History of the Peloponnesian War

Thucydides

Thucydides, Vol. 1-4. Smith, Charles Foster, translator. London and Cambridge, MA: Heinemann and Harvard University Press, 1919-1923.

"The long speeches of the Athenians I cannot understand; for though they indulged in much praise of themselves, they nowhere denied that they are wronging our allies and the Peloponnesus. And yet, if they conducted themselves well against the Persians in former times but are now conducting themselves ill toward us, they deserve two-fold punishment, because they used to be good and have become bad.

But we are the same now as we were then, and if we are in our right minds, we shall not permit our allies to be wronged or even put off avenging their wrongs, since they cannot longer put off suffering them.

Others, indeed, may have money in abundance and ships and horses,[*](cf.

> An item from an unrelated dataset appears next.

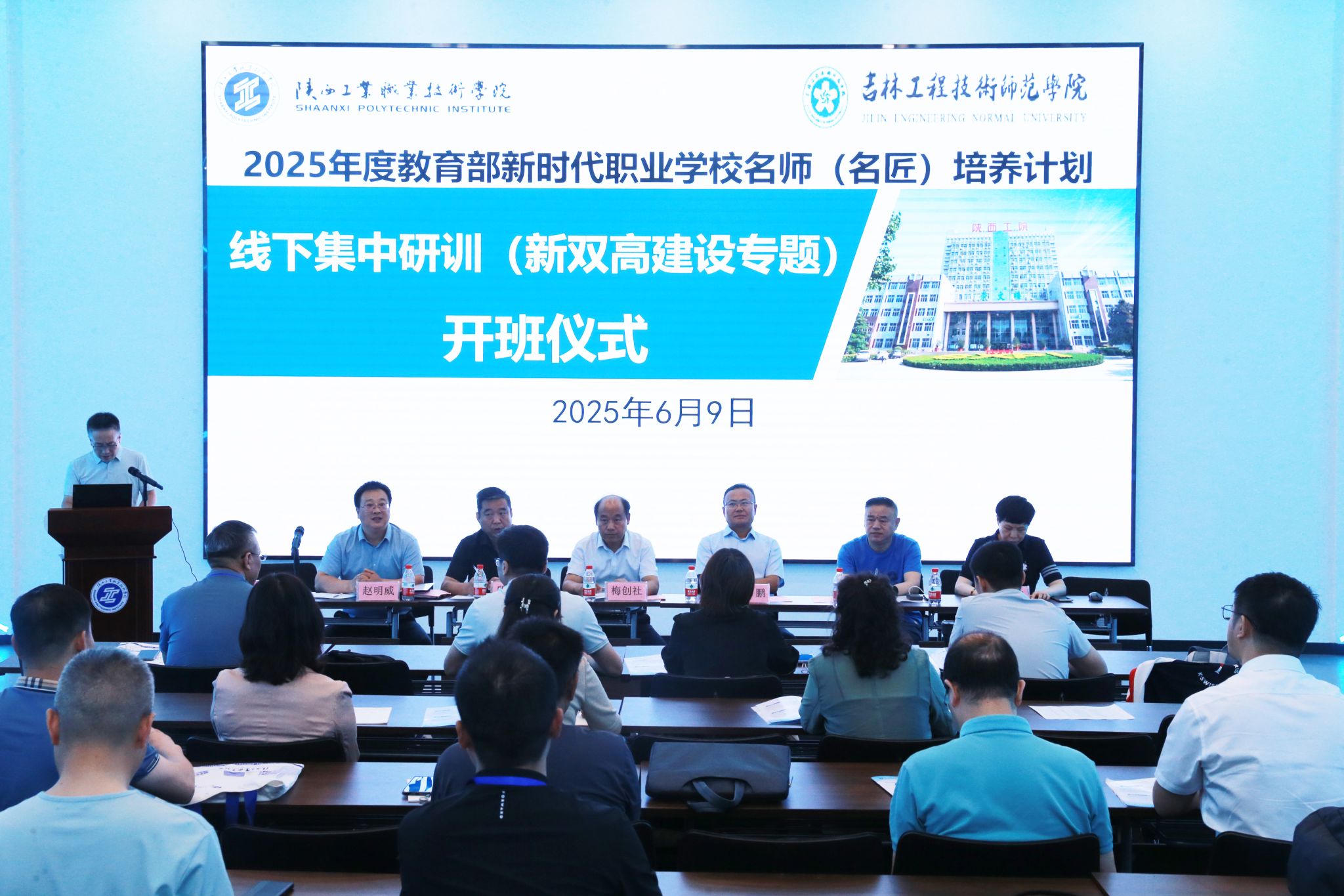 6月9日上午,由我校承办的2025年度教育部新时代职业学校名师(名匠)培养计划线下集中研训(新双高建设专题)正式开班,开班仪式在渭城校区先进制造产业学院展厅举行。副校长梅创社、吉林工程技术师范学院副院长张鹏,我校人事处、机械工程学院负责同志,及培训班管理人员、全体学员参加了开班仪式。

Thuc. 1.80.3.) but we have brave allies, and they must not be delivered over to the Athenians; nor must we seek redress by means of legal processes and words when it is not in word only that we ourselves are being injured, but we must avenge them speedily and with all our might.

And let no man tell us that it befits us to deliberate when a wrong is being done us; nay, it befits rather those who intend to do us a wrong to deliberate a long time.

Vote, therefore, Lacedaemonians, for the war as beseems the dignity of Sparta, and do not permit the Athenians to become too great; and let us not prove false to our allies, but let us with the favour of the gods go against the wrong-doer."